Selain memperhatikan pola makan, membiasakan aktivitas fisik pada anak tidak kalah penting. Hal itu karena anak-anak dan remaja Indonesia memiliki tingkat aktivitas fisik yang tidak memadai
Badan Perserikatan Bangsa-Bangsa untuk Anak-anak (Unicef) dalam Analisis Lanskap Kelebihan Berat Badan dan Obesitas di Indonesia menyebut, 57 persen anak-anak dan remaja tidak memenuhi aktivitas fisik seusai dengan rekomendasi Organisasi Kesehatan Dunia (WHO). Badan di bawah PBB tersebut merekomendasikan agar anak-anak dan remaja beraktivitas fisik sedikitnya 60 menit per hari selama lima hari dalam seminggu.
Penerapan pola hidup sehat tidak lepas dari peran keluarga.

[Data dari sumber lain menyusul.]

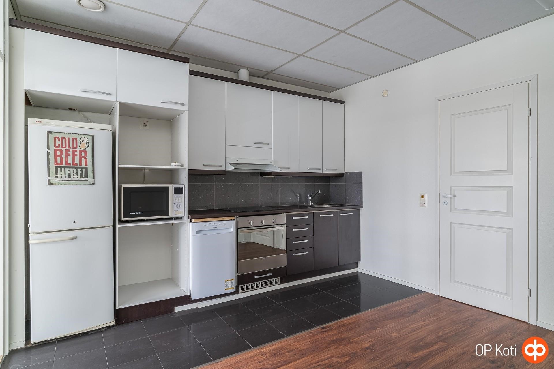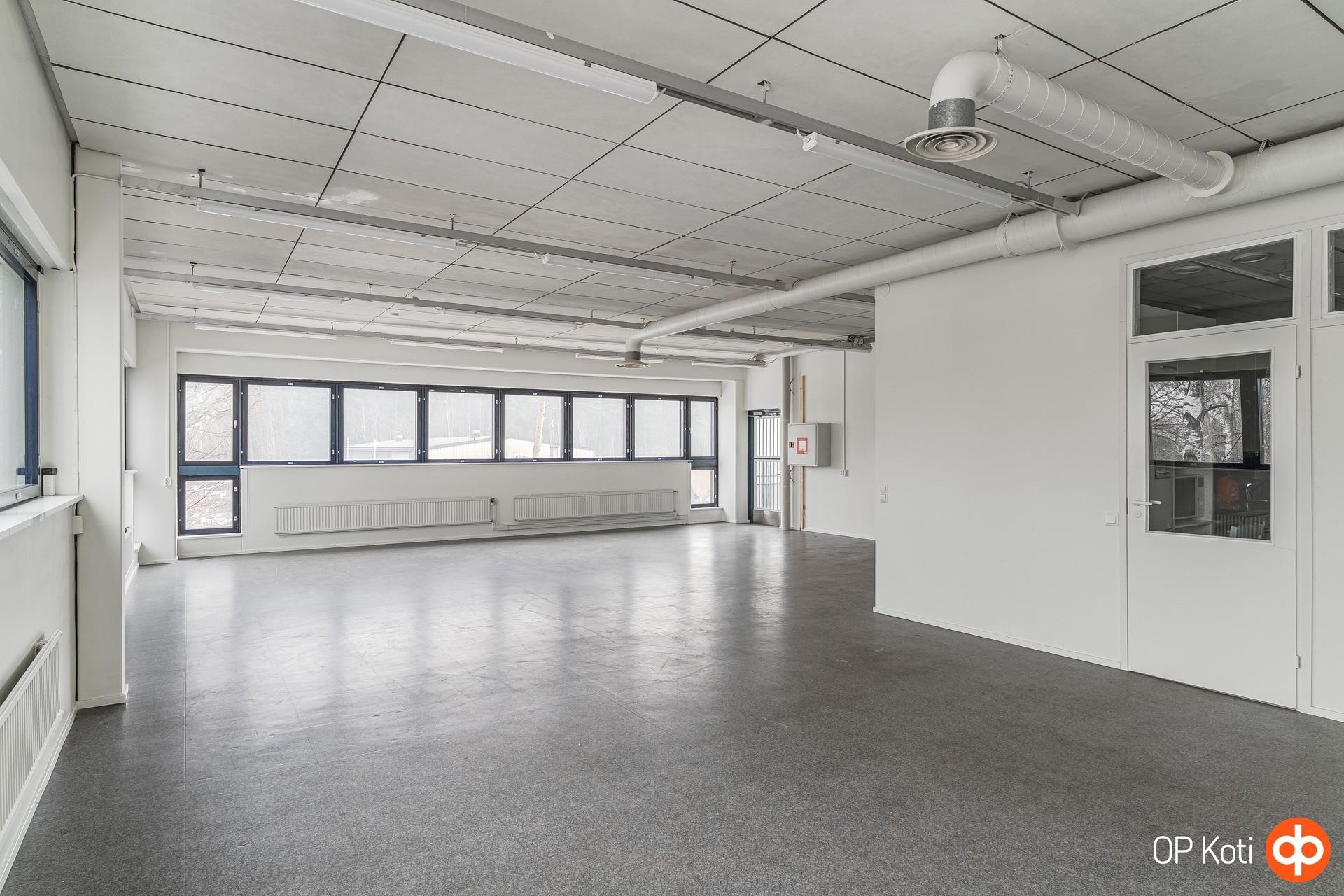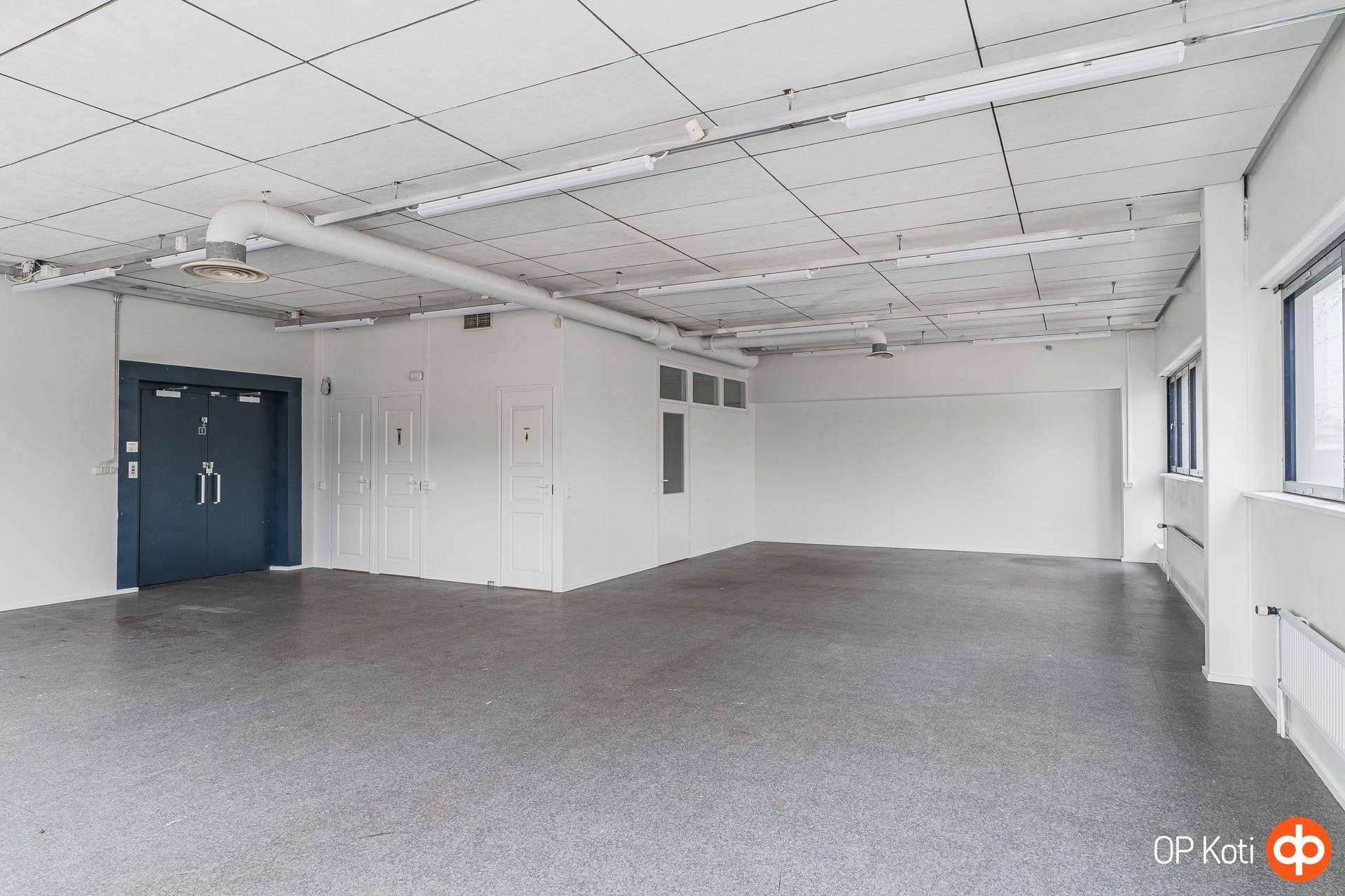 Kohteen pääkohdat: 120 m² työtilaa teollisuustalossa Avointa ja tehokasta työskentelytilaa Tavarahissi 1000 kg, joka palvelee suoraan tilaan Keittiö / taukohuone Pesuhuone ja sauna -harvinainen etu tämän kokoluokan liikehuoneistossa 2 x WC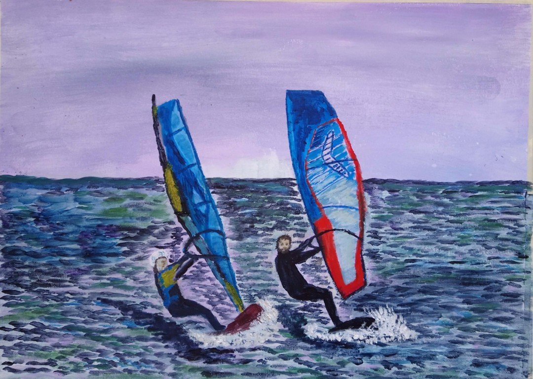 This was an attempt at painting my daughter and her partner in Auckland. They love windsurfing and she had sent me some pictures to paint. It was an interesting painting to try as I had to paint lots of different colour strokes in order to get the right effect of waves. I actually used two different pictures as my subject and joined them together in the painting. They weren’t side by side in the original photo so I thought it might be fun to try and create my own version with them together.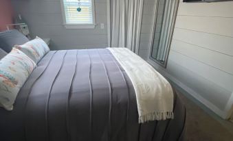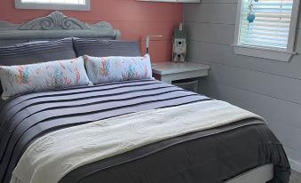 This little one bedroom beach bungalow offers a 1 queen bed in one room with its own full bath and tv . There are a set of bunkbeds in the hallway leading out to the back patio with its own full bath. The living room offers a large couch,TV, full kitchen and dining. There is a nice large screened back patio for cocktails and hanging out and relaxing also a large outside upper deck with views of the ocean and ample parking for numerous cars, boats and campers.
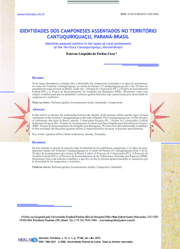 IDENTIDADES DOS CAMPONESES ASSENTADOS NO TERRITÓRIO CANTUQUIRIGUAÇU, PARANÁ-BRASIL (Identities peasant settlers in the types of rural settlements of the Territory Cantuquiriguaçu, Paraná-Brazil)

Eva menambahkan, memberikan makanan bergizi seimbang dan menciptakan kebiasaan beraktivitas fisik pada anak sejak dini dapat memutus rantai obesitas sejak dini.
Peran keluarga sangat penting untuk bisa memutus rantai obesitas karena dalam keluarga bisa diciptakan kebiasaan-kebiasaan baik terkait perubahan pola perilaku. Selain itu, penting juga untuk melakukan skrining kesehatan enam bulan sekali.
”Peran keluarga sangat penting untuk bisa memutus rantai obesitas karena dalam keluarga bisa diciptakan kebiasaan-kebiasaan baik terkait perubahan pola perilaku. Selain itu, penting juga untuk melakukan skrining kesehatan enam bulan sekali,” lanjut Eva.
Pilihan kemasan Selain itu, masyarakat diminta agar memperhatikan label kemasan makanan dan minuman untuk membatasi asupan gula, garam, dan lemak. Dalam sehari, batas maksimal konsumsi gula seseorang adalah 50 gram, garam sebesar 1 gram, dan lemak sebesar 67 gram.
”Dengan selalu cermat membaca label kemasan dan menjadikannya sebagai kebiasaan, masyarakat akan lebih cerdas untuk memilah zat gizi apa yang harus dipenuhi dan yang harus dibatasi agar terhindar dari berbagai penyakit, salah satunya obesitas,” tutur Pengawas Farmasi Makanan Ahli Muda Badan Pengawas Obat dan Makanan (BPOM) Meliza Suhartatik.
Meliza menjelaskan, salah satu cara untuk memudahkan masyarakat memilih makanan dan minuman yang lebih sehat adalah mencantumkan keterangan logo ”Pilihan Lebih Sehat” pada kemasan yang memenuhi kriteria kandungan gula, garam, lemak, dan zat gizi lainnya. Dengan begitu, masyarakat diharapkan bijak memilih produk dan tetap mengonsumsinya dalam jumlah yang wajar.